* **Exercise details**
Drop every picture, then print the rest of the listing exactly as given.
***** Dataset excerpt
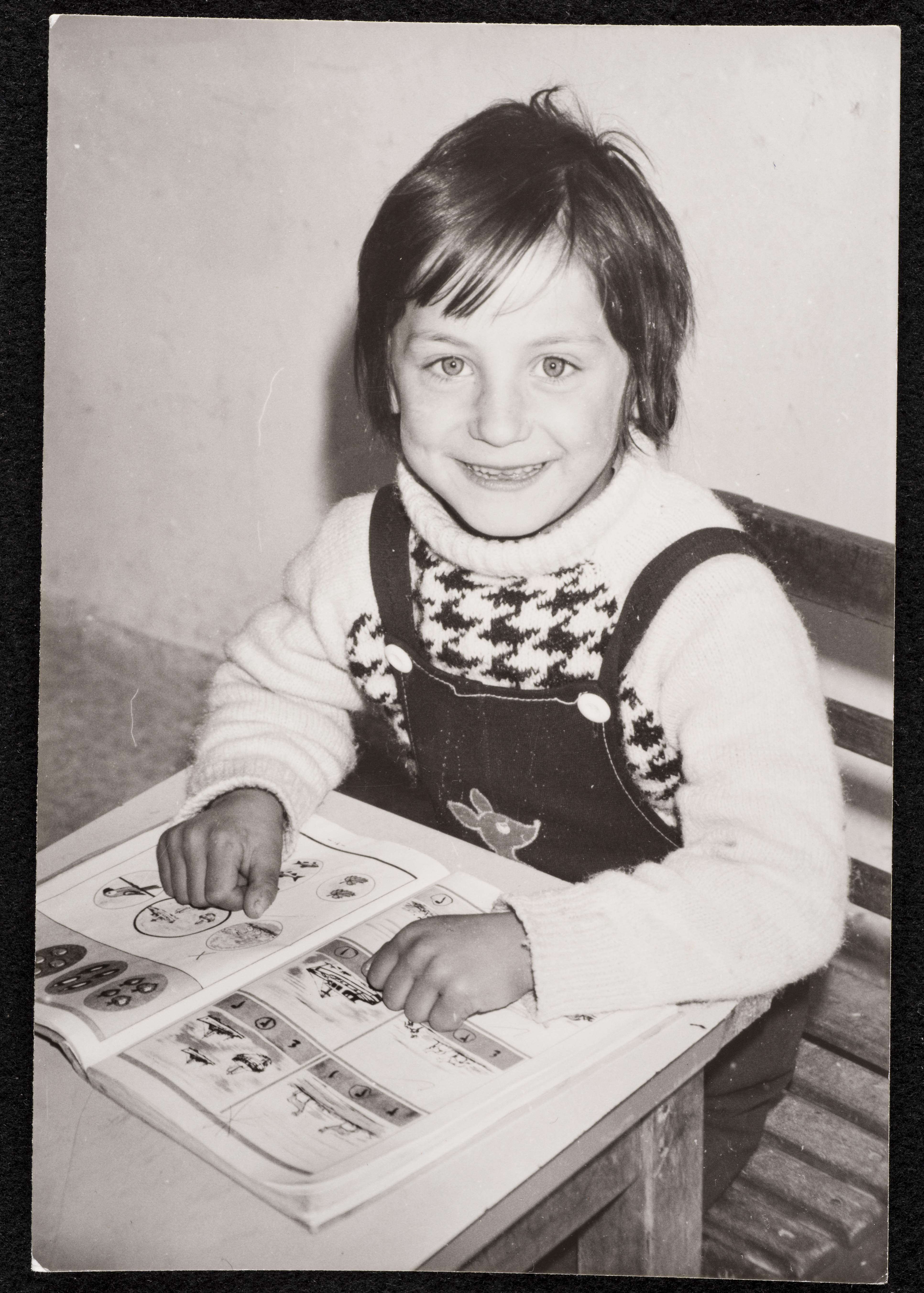 صورة شخصية غير ملونة لأحد طلاب روضة الزهور في القدس. تأسست روضة الزهور على يد إليزابيث حنا ناصر عام 1952م، كدار إيواء للفتيات المشردات. تطورت لاحقاً لتصبح روضة ومدرسة ابتدائية.
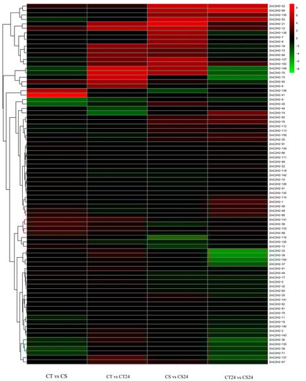 The transcriptome data of the cold-tolerant materials and the cold-sensitive materials under cold stress were analyzed to obtain a heat map of the expression pattern of the ZmC2H2 gene family (Figure 5). The results show that, under cold stress, the expression of the ZmC2H2 gene was significantly different between the different materials and between the different treatment times of the same material, indicating that the ZmC2H2 gene can be induced by low temperatures. Under cold stress, 69 genes in the ZmC2H2 gene family were not expressed, and the other 81 genes were expressed. The change in the expression of the ZmC2H2 genes in CT was more significant than that in CS, and the expression of the up- and downregulated genes in CT24 was relatively higher.
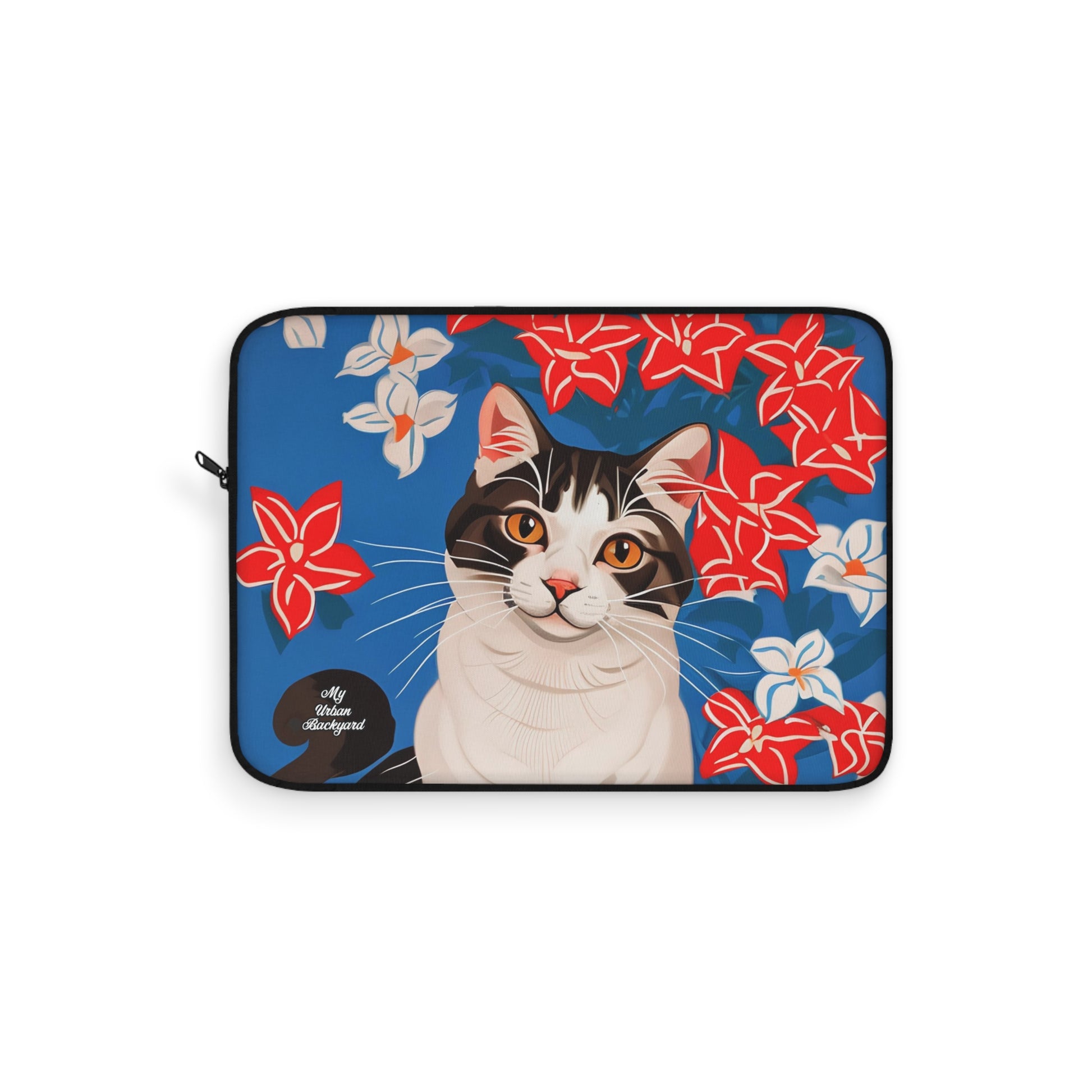 Cat with White & Red Flowers, Laptop Carrying Case, Top Loading Sleeve for School or Work
**********
* **Result**
 صورة شخصية غير ملونة لأحد طلاب روضة الزهور في القدس. تأسست روضة الزهور على يد إليزابيث حنا ناصر عام 1952م، كدار إيواء للفتيات المشردات. تطورت لاحقاً لتصبح روضة ومدرسة ابتدائية.
 The transcriptome data of the cold-tolerant materials and the cold-sensitive materials under cold stress were analyzed to obtain a heat map of the expression pattern of the ZmC2H2 gene family (Figure 5). The results show that, under cold stress, the expression of the ZmC2H2 gene was significantly different between the different materials and between the different treatment times of the same material, indicating that the ZmC2H2 gene can be induced by low temperatures. Under cold stress, 69 genes in the ZmC2H2 gene family were not expressed, and the other 81 genes were expressed. The change in the expression of the ZmC2H2 genes in CT was more significant than that in CS, and the expression of the up- and downregulated genes in CT24 was relatively higher.
 Cat with White & Red Flowers, Laptop Carrying Case, Top Loading Sleeve for School or Work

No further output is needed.